July, 2014 - After the movie
Because movie. And I don't have to justify myself to you.
Eric Bana is awful, but Joel McHale is lovely. (After long internal deliberation through the first half of the movie, I agreed with my friend that it was indeed Joel McHale and not Limp Bizkit like I originally thought. And IMDB confirmed it.) If ever I need an exorcism, please call that pretty Jesuit priest for me.
November, 2014 - After the book
Every year for Halloween I wear a pair of devil horns to work. I've been doing this for years. I also wear a Santa hat for Christmas Eve. It's fucking cute. One year, one of my coworkers, who was a self-proclaimed devout Christian, sent me a work email (from across the hall, mind you) that said something along the lines of "If you don't believe in Christ, how can you believe in Devilish things?"
And then I killed her.
Not really. I seethed for a while.

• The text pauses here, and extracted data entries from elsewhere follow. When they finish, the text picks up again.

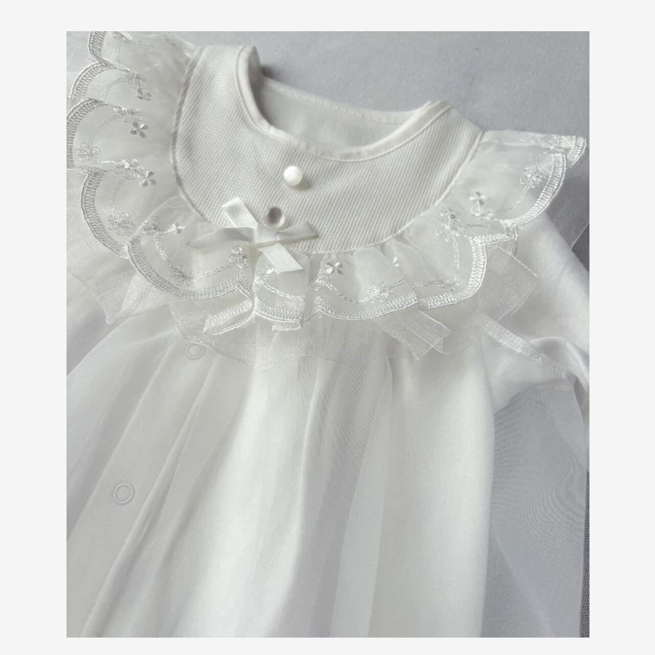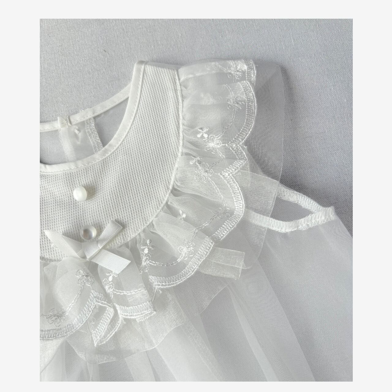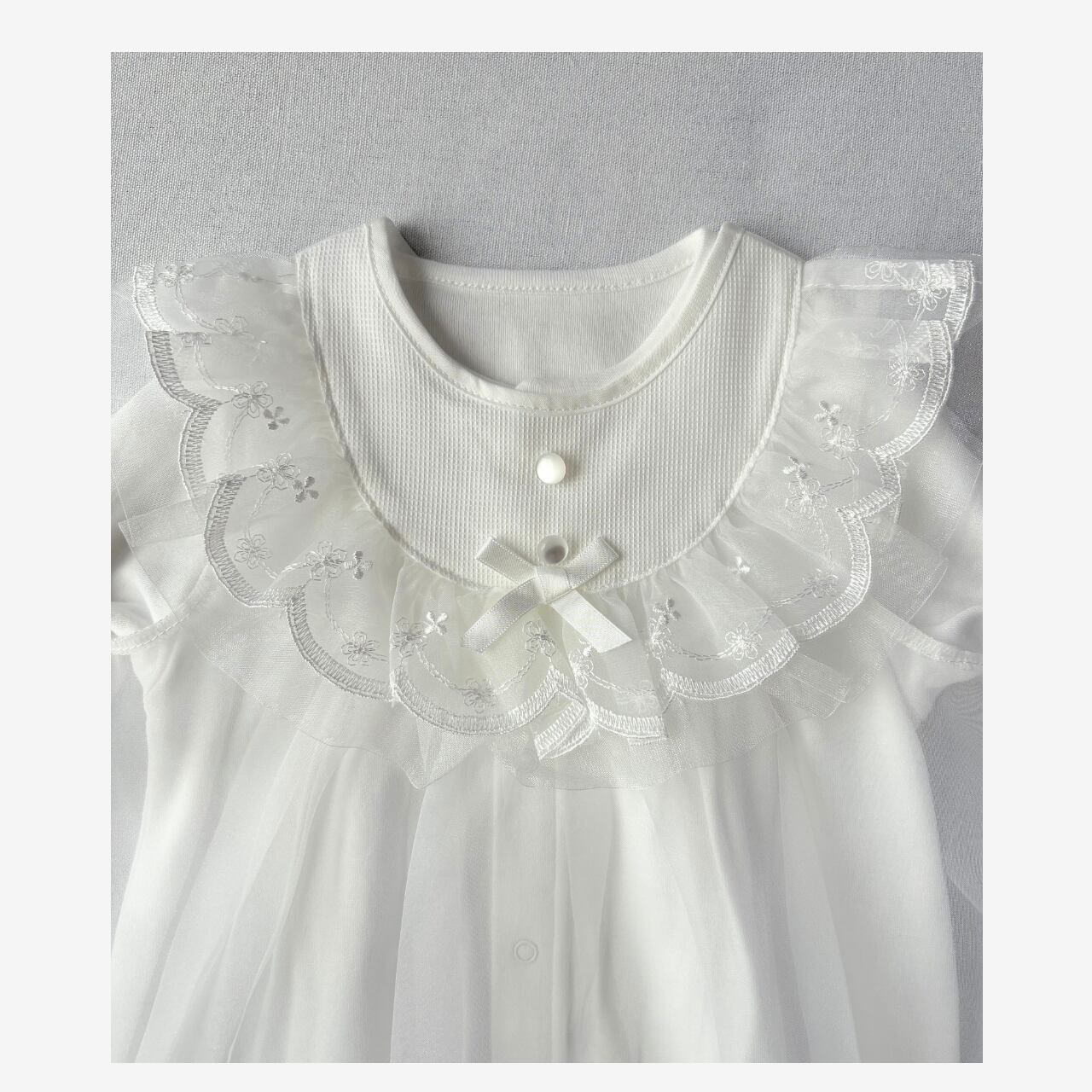 お顔まわりのスカラップレースはチュールと2重仕立てになっており、柔らかなボリューム感を演出。裾のリボン柄刺繍が上品な華を添えてくれます。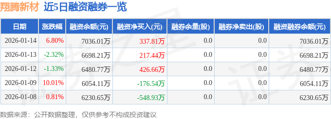 证券之星消息,截至2026年1月14日收盘,翔腾新材(001373)报收于39.59元,上涨6.8%,换手率13.69%,成交量4.54万手,成交额1.75亿元。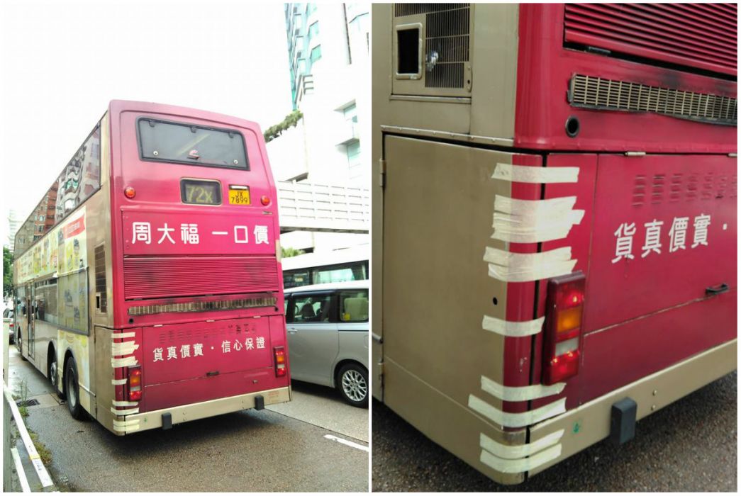 According to Oriental Daily, the bus was driving the 72X route between Tai Po and Mong Kok, and had been taped shut as the left rear engine door couldn’t be closed properly.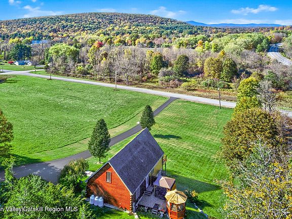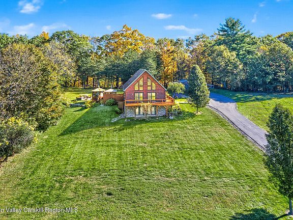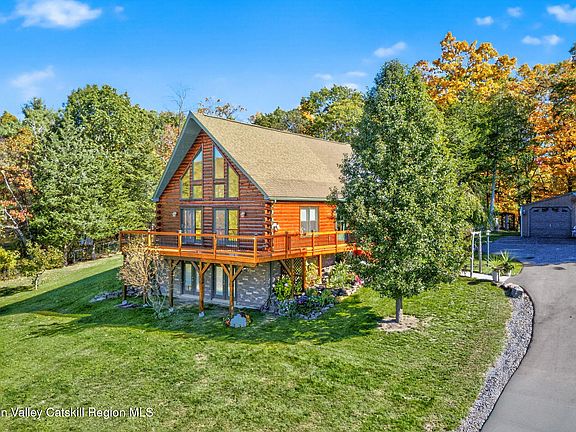 Set high on a private 2.7-acre lot, this beautiful log-sided chalet offers stunning natural light and peaceful country living just minutes from the heart of Coxsackie. The open-concept living room features a cozy fireplace with a pellet insert and a dramatic wall of windows and sliding doors that bring the outdoors in and frame the surrounding views. A well-appointed kitchen and separate dining room make entertaining easy and enjoyable.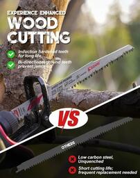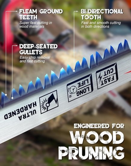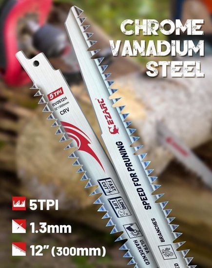 • ✅Пильные полотна с зубьями Fleam Ground длиной 300 мм предназначены для эффективной обрезки деревьев и резки древесины; пластика и бревен. Благодаря агрессивному шагу зубьев 5 TPI и специальной флом-шлифовке; полотна обеспечивают быстрый и чистый рез даже по мокрой древесине и толстым веткам.✅Зубья Fleam Ground изготовлены из прочной хромованадиевой стали (CrV) и проходят закалку; что гарантирует их долговечность и остроту при интенсивном использовании. Смещённая геометрия зубьев снижает вероятность застревания и обеспечивает плавный ход пилы.✅Полотна подходят для работы с влажной древесиной; зелёными ветками и пластиковыми трубами; что делает их универсальным инструментом для садовых и ландшафтных работ. Они обеспечивают скорость реза в 3 раза выше по сравнению со стандартными лезвиями.✅Доступны в упаковках по 5 штук; совместимы с большинством популярных моделей сабельных пил таких брендов; как DeWalt; Bosch; Makita и Milwaukee; без необходимости использования адаптеров. ✅Пильные полотна с зубьями Fleam Ground длиной 300 мм предназначены для эффективной обрезки деревьев и резки древесины; пластика и бревен. Благодаря агрессивному шагу зубьев 5 TPI и специальной флом-шлифовке; полотна обеспечивают быстрый и чистый рез даже по мокрой древесине и толстым веткам.✅Зубья Fleam Ground изготовлены из прочной хромованадиевой стали (CrV) и проходят закалку; что гарантирует их долговечность и остроту при интенсивном использовании. Смещённая геометрия зубьев снижает вероятность застревания и обеспечивает плавный ход пилы.✅Полотна подходят для работы с влажной древесиной; зелёными ветками и пластиковыми трубами; что делает их универсальным инструментом для садовых и ландшафтных работ. Они обеспечивают скорость реза в 3 раза выше по сравнению со стандартными лезвиями.✅Доступны в упаковках по 5 штук; совместимы с большинством популярных моделей сабельных пил таких брендов; как DeWalt; Bosch; Makita и Milwaukee; без необходимости использования адаптеров.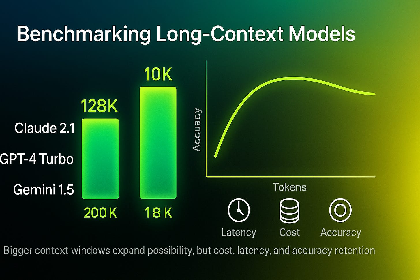 Accuracy does not scale linearly. Beyond ~64K tokens, models often lose precision unless combined with RAG.
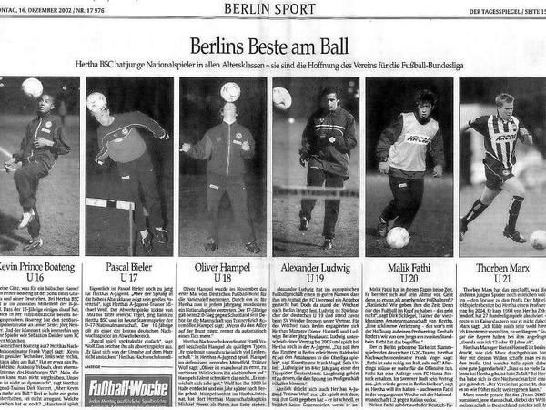 Das Archiv vergisst nie: Im Dezember 2002 stellten wir die besten Juniorennationspieler von Hertha BSC vor. Darunter war auch ein 15 Jahre alter Junge, den kaum jemand kannte. Den Artikel haben wir nun herausgekramt - Boateng tritt ja mit Schalke bei Hertha an.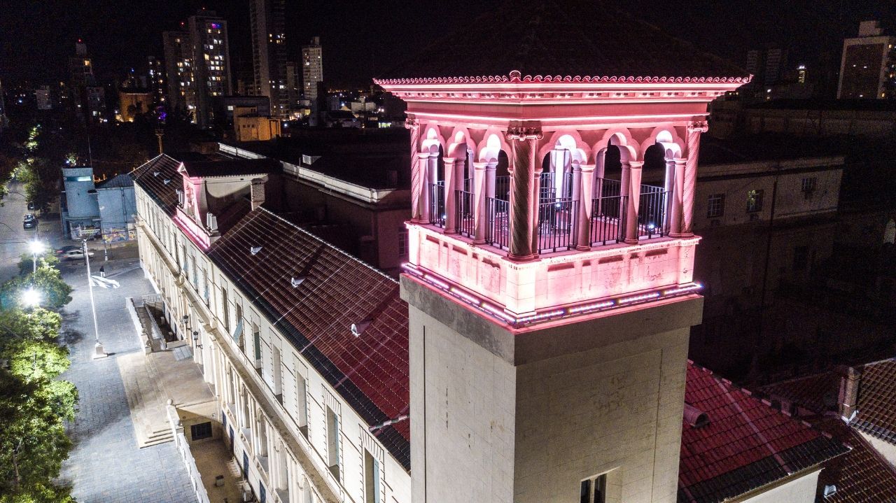 En este sentido, remarcó que “la obra de iluminación de la fachada de Jurídicas muestra en su máximo esplendor las características arquitectónicas del edificio. Por recomendación de la Comisión Nacional de Monumentos, Lugares y Bienes Históricos, se proyectó y ejecutó un sistema de iluminación plana, que resalta los valores pensados por su proyectista, el Arq. Manuel Torres Armengol, con solo algunos destaques particulares en áreas de interés como son los patios ingleses, el pórtico de ingreso, y en particular la Torre Mirador que domina la composición, ubicada en la esquina de Facundo Zuviría y Cándido Pujato”.
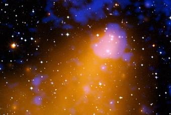 Dos equipos diferentes han confirmado el uso de Chandra para las observaciones de cúmulos de galaxias con el fin de estudiar las propiedades de la gravedad a escalas cósmicas y poner a prueba la teoría de la relatividad general de Einstein. Este tipo de estudios son cruciales para la comprensión de la evolución del universo, tanto en el pasado y el futuro, y para sondear la naturaleza de la energía oscura, uno de los mayores misterios de la ciencia. Esta imagen compuesta del cúmulo de galaxias Abell 3376 muestra datos de rayos X a partir de la una imagen de radio del VLA, el Observatorio Chandra de rayos X y el telescopio ROSAT en color oro, una imagen óptica de la Investigación Digitized Sky combinando el rojo, el verde y el azul. El aspecto resultante de los datos de rayos X es causado por una fusión, y ver cómo el material fluye en el cúmulo de galaxias desde la banda derecha. Los arcos de radio gigantes en la parte izquierda de la imagen pueden ser causados por ondas de choque generadas por esta fusión.

She's a nice enough woman, but the first day we worked together I knew there could potentially be a problem because she point-blank asked me about my beliefs and I point-blank told her my opinion, and she then made it her mission for the rest of the time she worked with us to convert me to Christianity.
I considered some responses, starting several emails and deleting them all: "Mind your own fucking business" or "Are you fucking kidding me?" or "I've just forwarded this to Human Resources and you can take it up with them." Instead I believe I responded something vanilla along the lines of how it's Halloween, my horns are for fun and are not indicative of any beliefs I might have, relax. Thankfully for us both she didn't respond because that was about the extent my professionalism could go.
Reading this book was like working with her again. Except instead of a lovely, sweet Christian woman who (if I remember correctly) was born and raised in the South before moving to Pittsburgh, here we have a Catholic cop-cum-demonologist from the Bronx. But the effect was much the same.
God is good, there are no good ghosts (sorry, Casper!), only Demons. Deeeeemmmmooooons! Sarchie is heavy-handed in his beliefs - anything that you do outside of the church can land you in deep water with Demons, including even thinking about Demons. The irony? This entire book is about Demons, so that's like saying "Don't think about pink elephants", right? So based on his own advice, he has just made all of his readers become possessed. Thanks, dude. Like I don't have enough going on in my life.
Throughout the book he tells accounts of his experiences with exorcisms, his friendship with Ed and Lorraine Warren, his experiences on the force and how being a cop is very similar to being a demonologist because in both cases you have to deal with assholes (Demons are assholes, all of them), and omg he's the best cop and demonologist ever. He's so good that he totally ignores a bishop's advice on how a layperson should not perform an exorcism and he totally does it himself anyway. And people actually call him up on their own to ask for his help!
Dear world: You're better off calling the Ghostbusters.
This book is filled with inaccuracies. Things maybe a lot of people don't really know or would pay attention to, but (for example) Aleister Crowley wasn't a Satanist. He was an occultist, not a Satanist because (as I'm going to pull from Wikipedia because that's all I have the energy to do right now) "as he did not accept the Christian world view in which Satan was believed to exist." You can't just call someone a Satanist if they themselves did not consider themselves to be a Satanist. There are statements like that which show a judgmental side to Sarchie that makes it hard for me to stomach the rest of his willful ignorance. I know the real audience for this book (good, god-fearing people like himself) will eat it all up, believe everything he writes, and go on in their ignorant, judgmental existences, spreading the same inaccuracies and biases.
It's an inconsistent book, bouncing around in the timeline, making the book as a whole choppy and messy, and seriously shut up about the Church already. Whatever point he was trying to make was lost because it was just one sermon after another.
Not that I even need to say any of this, but I'll do it anyway: The book was originally published under the title Beware the Night in 2001. The movie that came out earlier this year by this title, Deliver Us from Evil, is soooo loosely based on this book that it's laughable. You're better off just watching the movie, which is saying a lot because the movie (aside from the Jesuit priest) wasn't the best of the horror movie lot.
There is no mention of The Doors in this book. I thought that was really the weirdest part of the movie overall, so I wondered if the book included anything even remotely related to that. But, nope. It was just some random person's idea for the movie. Like someone who is a fan of The Doors, I guess.
This book just made me mad. And it makes me want to wear my devil horns every day for the rest of my life.